With the images omitted, return all of the entries exactly as they stand.

---------- Excerpted records

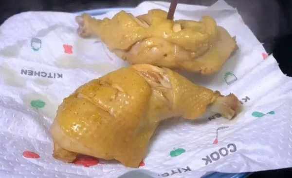 3、時間到瞭,煮好的雞腿用筷子就可以插進去,說明已經熟透瞭,然後控水撈出來,用廚房紙把雞腿表面的水分給它擦幹。
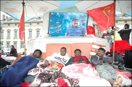 The protests against the carnage of innocent Tamil civilians in Vanni held in order to draw the attention of the International Community (IC) by French diaspora Tamils, launched in several popular places in Paris, reached its sixth day Saturday. Four Tamil youths are fasting unto death in the protest demonstration being held for the last two days near the Wall for Peace in Paris near the French Military Academy, the sources added. Members of Tamil Youth Organization (TYO) in France distributed pamphlets describing Sri Lanka government’s genocide of the Tamils to the tourists who visit the Wall for Peace monument from all over the world.
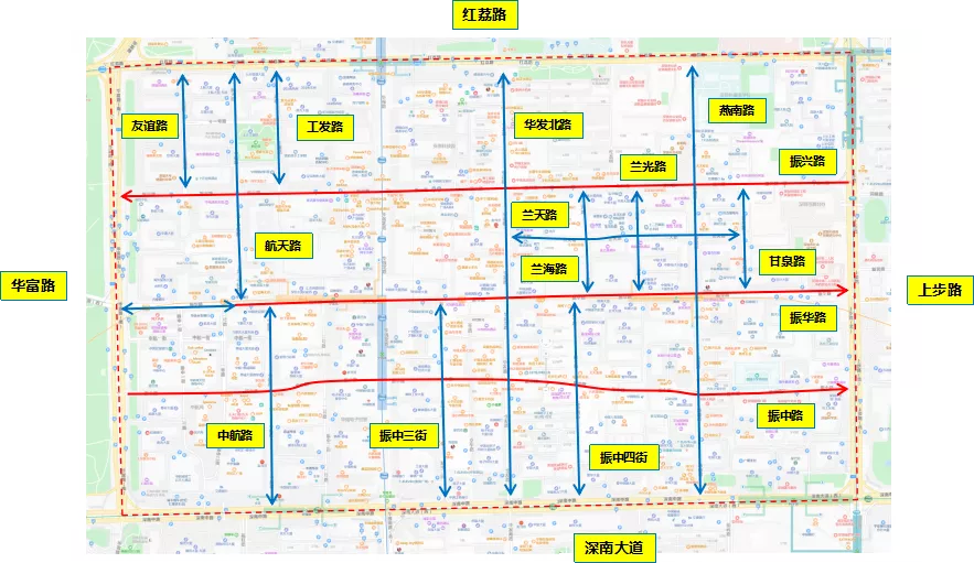 上步路、深南大道、华富路、红荔路围合范围内所有道路(不含4条边界道路)。
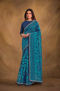 Blue Organza Embroidered Saree with Unstitched Blouse
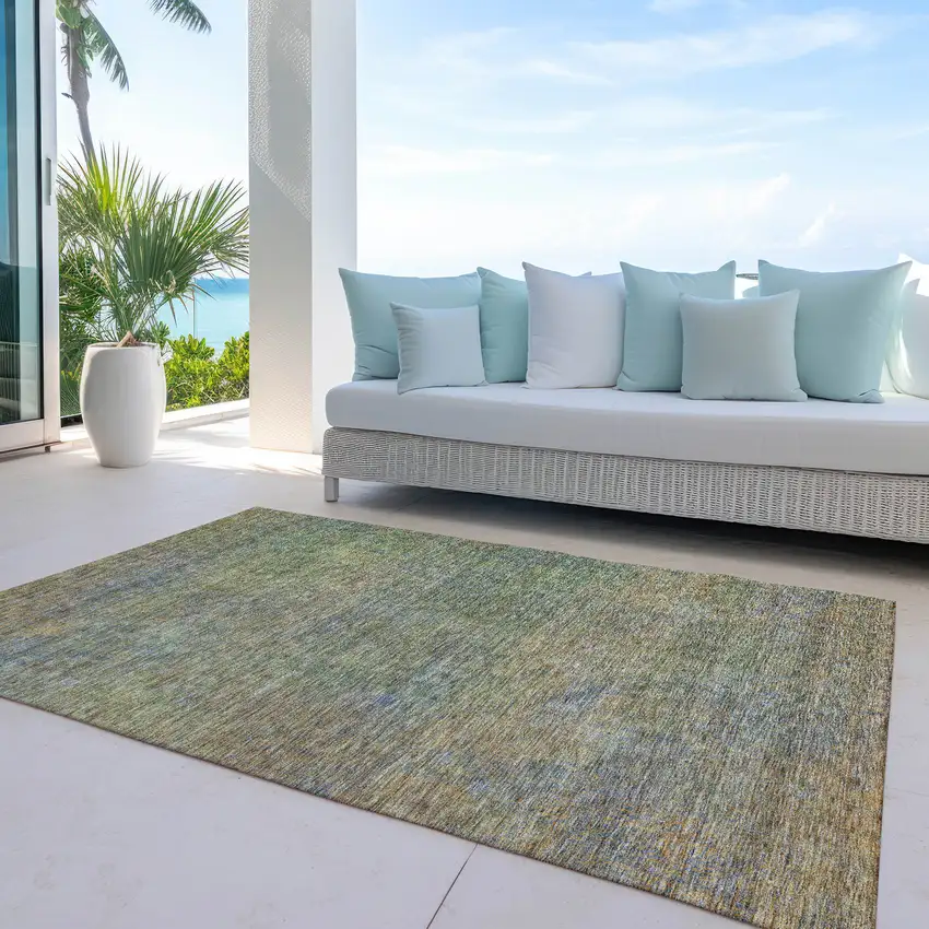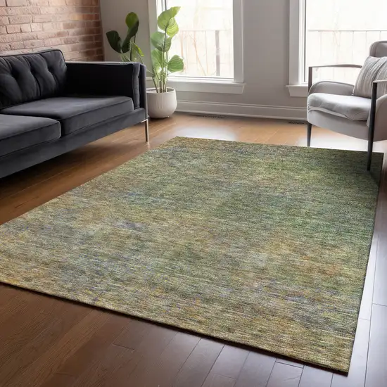 Green Gold And Charcoal Abstract Washable Indoor Outdoor Area Rug

--------------------

**Reply**
 3、時間到瞭,煮好的雞腿用筷子就可以插進去,說明已經熟透瞭,然後控水撈出來,用廚房紙把雞腿表面的水分給它擦幹。
 The protests against the carnage of innocent Tamil civilians in Vanni held in order to draw the attention of the International Community (IC) by French diaspora Tamils, launched in several popular places in Paris, reached its sixth day Saturday. Four Tamil youths are fasting unto death in the protest demonstration being held for the last two days near the Wall for Peace in Paris near the French Military Academy, the sources added. Members of Tamil Youth Organization (TYO) in France distributed pamphlets describing Sri Lanka government’s genocide of the Tamils to the tourists who visit the Wall for Peace monument from all over the world.
 上步路、深南大道、华富路、红荔路围合范围内所有道路(不含4条边界道路)。
 Blue Organza Embroidered Saree with Unstitched Blouse
 Green Gold And Charcoal Abstract Washable Indoor Outdoor Area Rug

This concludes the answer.